Last week, Oxfordshire was the subject of local and national press and media coverage as a result of the publication of the Serious Case Review Report on the Bullfinch case.

In the same week, a group of six men were convicted of very similar offences of sexually abusing and grooming young women in the Banbury area.

One of the common threads is that these men seem to have found, or actively sought, vulnerable young girls, many of whom were in care, or known to social services or the police, and exploited those vulnerabilities.

Last week’s Serious Case Review has identified failings in the care and duty of care owed to these children by the agencies involved with them, as well as a lack of communication at times between the agencies that were supposed to have protected them.

But it is important to note that whatever the failings by the professionals involved with these young people were, the offences themselves were still caused by those who have been convicted of abusing and of grooming these children.

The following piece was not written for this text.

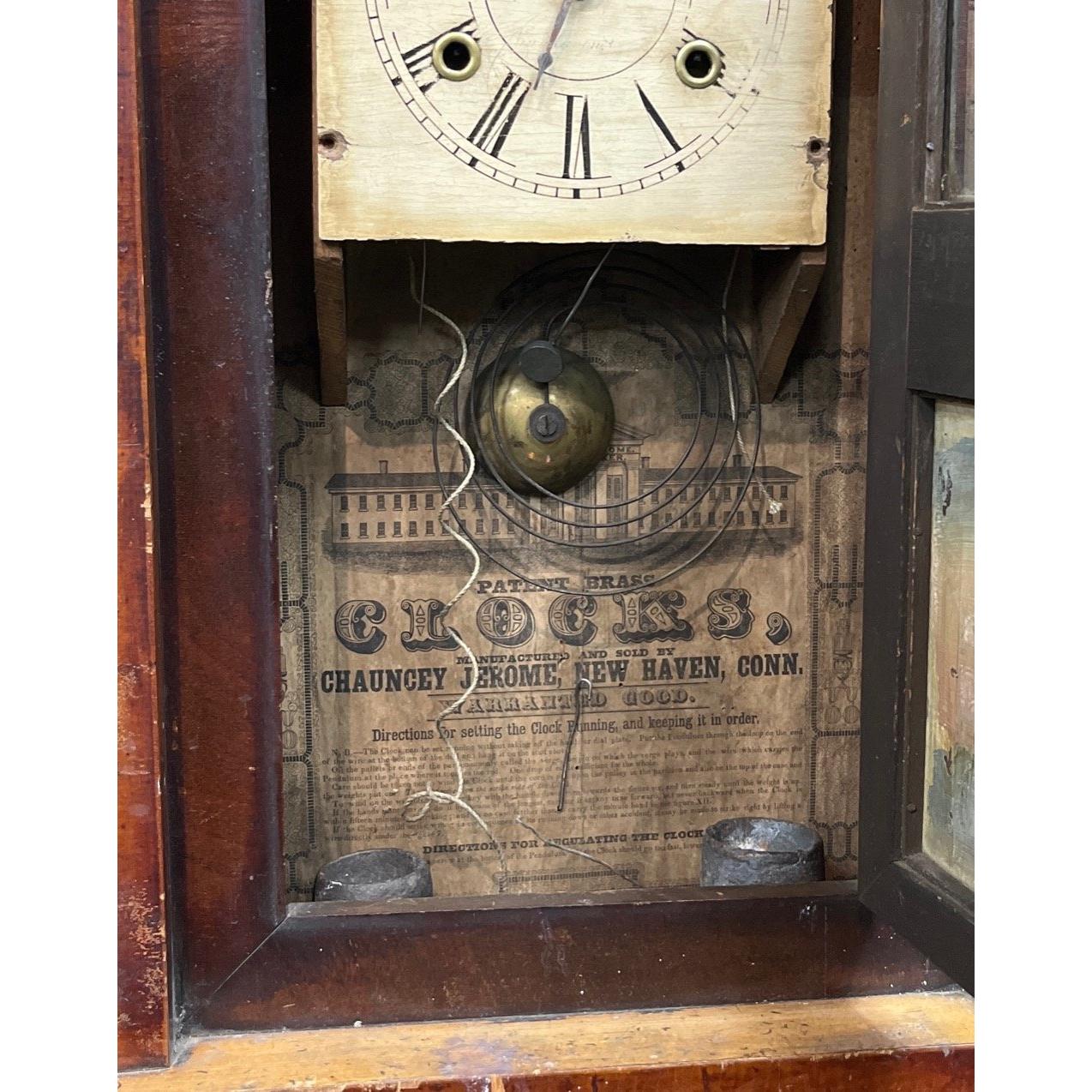 Interesting antique CHAUNCEY JEROME 8 Day wood cased clock with nice reverse painted glass panel depicting ''Presidents House''. This appears to be a mid nineteenth century depiction of the Whitehouse and has been attractively done.

It is also important to be aware that it was not just girls who were in care or from broken homes that were abused by these men.

In other instances of child sexual exploitation, it is not just girls who are at risk, boys can also be groomed, and it is as well to look out for the signs, and to know who to contact if you are concerned.

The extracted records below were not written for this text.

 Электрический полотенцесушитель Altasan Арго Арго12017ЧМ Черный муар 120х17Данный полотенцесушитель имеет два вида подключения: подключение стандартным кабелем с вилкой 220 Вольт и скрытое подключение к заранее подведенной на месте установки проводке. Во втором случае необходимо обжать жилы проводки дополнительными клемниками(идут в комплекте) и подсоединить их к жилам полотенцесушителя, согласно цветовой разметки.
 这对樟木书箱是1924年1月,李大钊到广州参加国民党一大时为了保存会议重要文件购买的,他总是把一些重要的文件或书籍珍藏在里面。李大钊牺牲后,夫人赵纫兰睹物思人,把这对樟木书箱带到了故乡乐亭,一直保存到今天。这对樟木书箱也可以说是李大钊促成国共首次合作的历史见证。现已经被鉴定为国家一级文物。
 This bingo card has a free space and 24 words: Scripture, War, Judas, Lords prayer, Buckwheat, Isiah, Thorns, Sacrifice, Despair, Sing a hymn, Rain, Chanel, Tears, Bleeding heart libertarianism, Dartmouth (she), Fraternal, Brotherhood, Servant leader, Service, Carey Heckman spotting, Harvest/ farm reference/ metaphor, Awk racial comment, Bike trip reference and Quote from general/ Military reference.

It is also really important to develop good communication with your child, and to be able to discuss such things with them, and more importantly, for your child to know they can discuss this with you, or to make sure your child knows what signs to look out for and who they need to speak to if they are worried.

As with e-safety, being able to discuss these concerns with your child or with your parent is vital, and is definitely the first step to keeping your child safe.

It is also vital to listen to your child. If you have worries, it’s a good idea to ask ‘open questions’ where the answer is not simply ‘no’ or ‘yes’ or ‘don’t know’.

Start questions with where, how, what, who etc. Try not to interrupt and let your child tell you what they want without allowing your own emotions to show.

Some examples of signs to look out for include (but are not restricted to):

  • A change in behaviour or withdrawn behaviour;
  • Your child might suddenly have acquired new clothes or expensive items such as phones, etc. or seem to have more money than you think they should have;
  • Drug use or substance misuse, including alcohol and cigarettes;
  • Physical injuries such as bruising or burns;
  • Lots of secretive use of the internet or social media sites;
  • You may feel they have become involved in an abusive relationship;
  • They may seem intimidated and fearful of certain people or situations;
  • They may be hanging around with groups of older people, or antisocial groups, or with other vulnerable peers;
  • They may be associating with other young people involved in sexual exploitation;
  • They may have become involved in a gang;
  • They may have gone missing from home, care or education;
  • Self-harm or thoughts about suicide.